BEGIN Exercise material

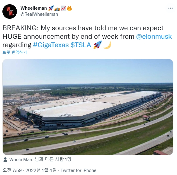 테슬라 마니아 ‘윌리맨’이 트위터에 올린 기가팩토리5와 관련한 게시물. 사진=트위터이미지 확대보기
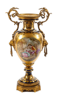 A Sevres Style Gilt Bronze Mounted Porcelain Vase Height 40 inches.
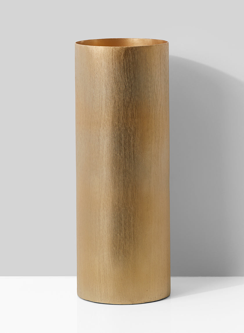 14in Tall Gold Cylinder Aluminum Vase
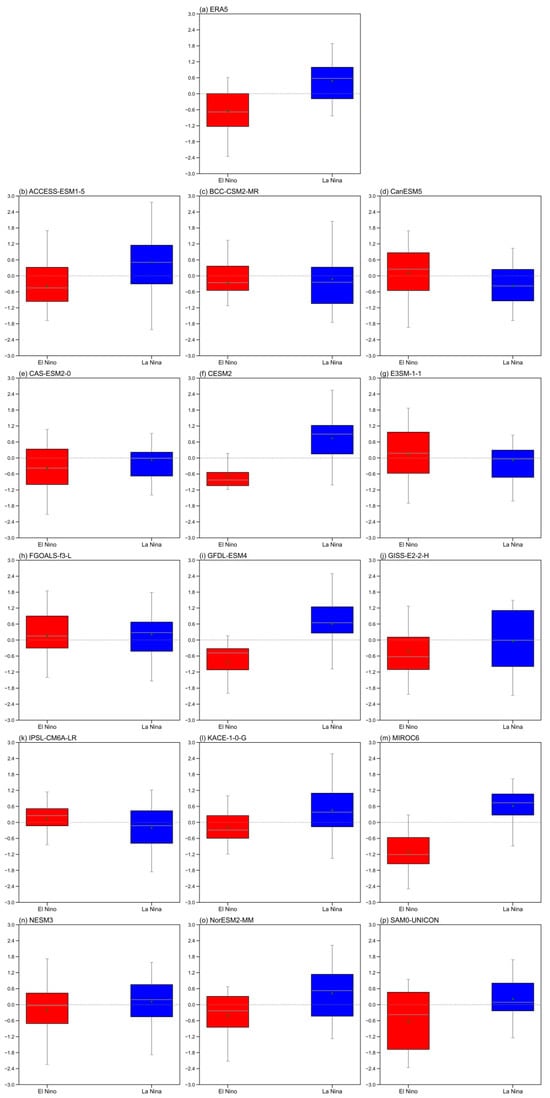 To quantitatively assess the feature, Figure 7 presents boxplots of the EAWM index during canonical El Niño and La Niña events from both ERA5 and the 15 CMIP6 models. Observations confirm this asymmetry: the composite EAWM index averages less than −0.6 during El Niño episodes but +0.5 during La Niña episodes, indicating that El Niño tends to induce a weaker EAWM, while the strengthening effect associated with La Niña is less pronounced. The models’ capability to replicate this observed relationship is limited. Only 8 out of the 15 models (ACCESS-ESM1-5, CESM2, GFDL-ESM4, KACE-1-0-G, MIROC6, NESM3, NorESM2-MM, and SAM0-UNICON) successfully capture the basic “El Niño–negative EAWM/La Niña–positive EAWM” dipole pattern. In contrast to observations, four models simulate a positive mean EAWM during El Niño years, while six models yield a negative mean EAWM during La Niña years. This discrepancy suggests that the more unstable nature of the La Niña–positive EAWM relationship poses a greater challenge for models to simulate accurately. More notably, just three of these models (CESM2, GFDL-ESM4, and MIROC6) with the highest correlation coefficients realistically reproduce the observed amplitude asymmetry between the two phases. A key systematic bias is evident, with over 70% of the models underestimating the magnitude of EAWM weakening during El Niño years. The systematic underestimation likely stems from model biases in simulating the tropical–extratropical teleconnection, ENSO asymmetry and so on, which still requires further verification [21,22].
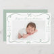 Célébrez l’arrivée de votre petit avec cet élégant faire-part de naissance d’arc vert sauge. L’avant présente la photo horizontale de votre bébé encadrée par des rubans verts à la sauge dessinés à la main et des arcs sur un arrière - plan blanc. Le nom et les statistiques de naissance de votre bébé sont affichés dans un charmant script manuscrit. Le dos montre un collage de trois photos carrés avec espace pour votre message personnalisé, ce qui en fait un beau souvenir personnel pour la famille et les amis.
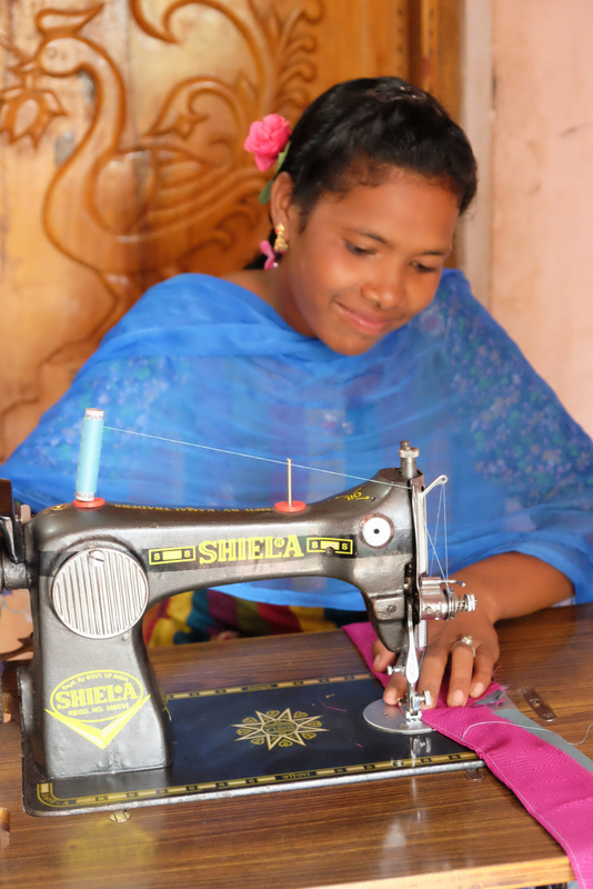 …and Neela, a 15 year old girl whose parents have been able to afford to get her training in tailoring and has set up her own little business at the front of her house.
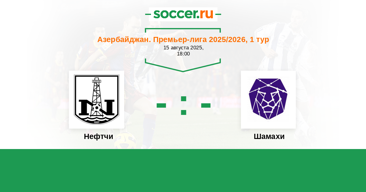 Азербайджан. Премьер-Лига 31.08.2024 Шамахи Логотип футбольный клуб Шамахи (Баку) 0:0 Логотип футбольный клуб Нефтчи (Баку) Нефтчи
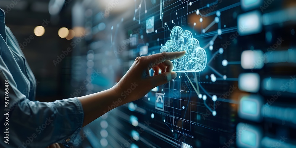 Wall mural business professional accessing futuristic virtual cloud computing interface - Wall murals Wall mural business professional accessing futuristic virtual cloud computing interface - Wall murals
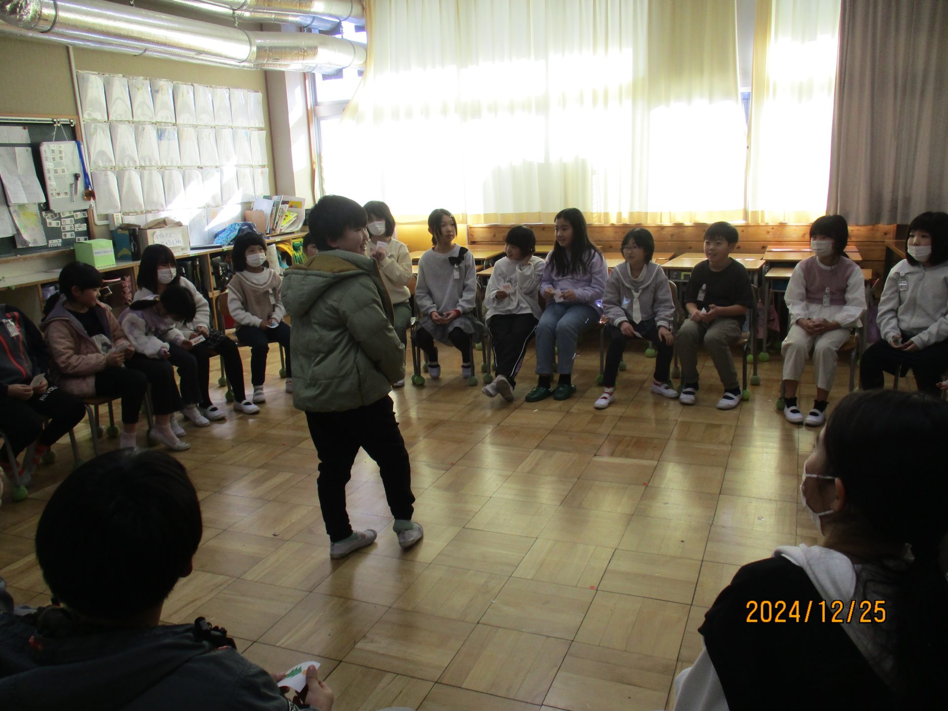 2024.12.25 3年生 クリスマス会をしました。 管理者学校 今日は、学級会で話し合って決めた「クリスマス会」をしました。 内容はクリスマスバスケットとプレゼント交換です。 プレゼントの中には、みんなが作った折り紙がたくさん入っていました。(何が入ってるかはお楽しみ・・・) とても楽しい会になりました。 #3年生
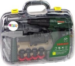 Detská sada náradia v priehľadnom kufríku ponúka deťom možnosť rozvíjať svoje zručnosti a predstavivosť pri napodobňovaní skutočného majstra. Ideálne pre deti od 3 rokov.
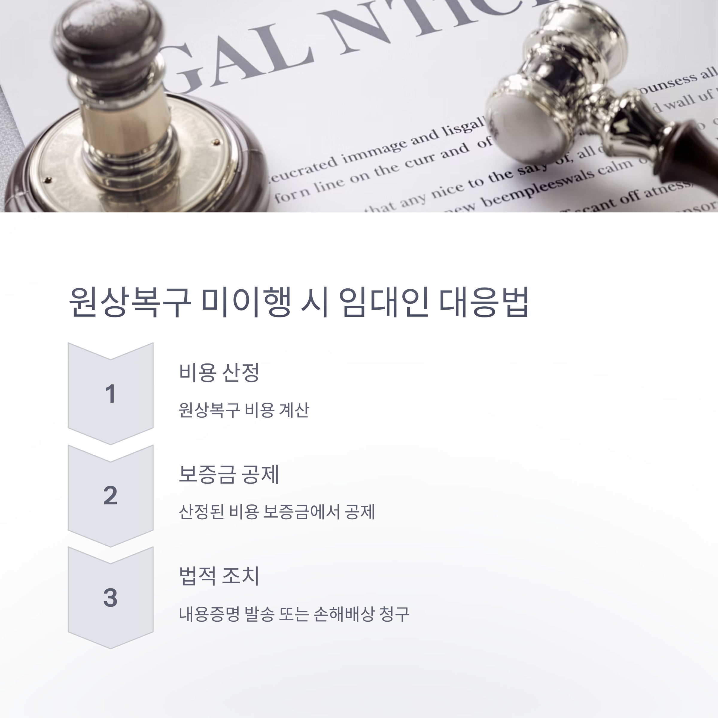 임차인이 원상복구를 완료하지 않은 경우, 임대인은 해당 비용을 산정하여 보증금에서 공제할 수 있습니다. 또한, 임차인에게 원상복구를 요청하는 내용증명을 발송하거나, 법적 절차를 통해 손해배상을 청구할 수 있습니다. 그러나 이러한 조치는 임차인의 원상복구 의무 범위를 초과하지 않아야 하며, 법적 근거에 따라 이루어져야 합니다.

END Exercise material

* Exercise:
Your answer should be the lines above, word for word, from the line with "14in Tall Gold Cylinder Aluminum Vase" through the line with "Célébrez l’arrivée de", minus the pictures.

* Task result:
 14in Tall Gold Cylinder Aluminum Vase
 To quantitatively assess the feature, Figure 7 presents boxplots of the EAWM index during canonical El Niño and La Niña events from both ERA5 and the 15 CMIP6 models. Observations confirm this asymmetry: the composite EAWM index averages less than −0.6 during El Niño episodes but +0.5 during La Niña episodes, indicating that El Niño tends to induce a weaker EAWM, while the strengthening effect associated with La Niña is less pronounced. The models’ capability to replicate this observed relationship is limited. Only 8 out of the 15 models (ACCESS-ESM1-5, CESM2, GFDL-ESM4, KACE-1-0-G, MIROC6, NESM3, NorESM2-MM, and SAM0-UNICON) successfully capture the basic “El Niño–negative EAWM/La Niña–positive EAWM” dipole pattern. In contrast to observations, four models simulate a positive mean EAWM during El Niño years, while six models yield a negative mean EAWM during La Niña years. This discrepancy suggests that the more unstable nature of the La Niña–positive EAWM relationship poses a greater challenge for models to simulate accurately. More notably, just three of these models (CESM2, GFDL-ESM4, and MIROC6) with the highest correlation coefficients realistically reproduce the observed amplitude asymmetry between the two phases. A key systematic bias is evident, with over 70% of the models underestimating the magnitude of EAWM weakening during El Niño years. The systematic underestimation likely stems from model biases in simulating the tropical–extratropical teleconnection, ENSO asymmetry and so on, which still requires further verification [21,22].
 Célébrez l’arrivée de votre petit avec cet élégant faire-part de naissance d’arc vert sauge. L’avant présente la photo horizontale de votre bébé encadrée par des rubans verts à la sauge dessinés à la main et des arcs sur un arrière - plan blanc. Le nom et les statistiques de naissance de votre bébé sont affichés dans un charmant script manuscrit. Le dos montre un collage de trois photos carrés avec espace pour votre message personnalisé, ce qui en fait un beau souvenir personnel pour la famille et les amis.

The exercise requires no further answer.